Problem to solve:
Across the listing below, count the lines containing "Amazonas". Answer with that number only.

[[ Excerpted records, beginning ]]

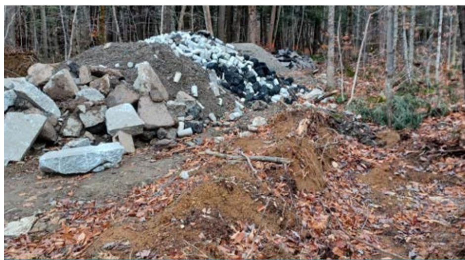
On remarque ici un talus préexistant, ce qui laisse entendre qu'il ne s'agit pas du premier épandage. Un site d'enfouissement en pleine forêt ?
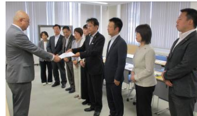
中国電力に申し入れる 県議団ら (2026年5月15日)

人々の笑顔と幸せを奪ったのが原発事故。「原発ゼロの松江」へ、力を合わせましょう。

[[ Excerpted records, end ]]
[[ Excerpted records, beginning ]]

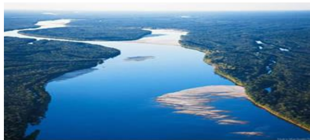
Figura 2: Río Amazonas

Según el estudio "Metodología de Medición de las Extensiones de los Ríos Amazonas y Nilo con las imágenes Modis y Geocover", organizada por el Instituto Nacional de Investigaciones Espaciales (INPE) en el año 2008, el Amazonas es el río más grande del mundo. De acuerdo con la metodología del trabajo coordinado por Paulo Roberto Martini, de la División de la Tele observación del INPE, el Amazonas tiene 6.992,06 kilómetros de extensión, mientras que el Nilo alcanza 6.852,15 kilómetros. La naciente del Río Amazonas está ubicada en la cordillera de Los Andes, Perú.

[[ Excerpted records, end ]]

Task answer:
2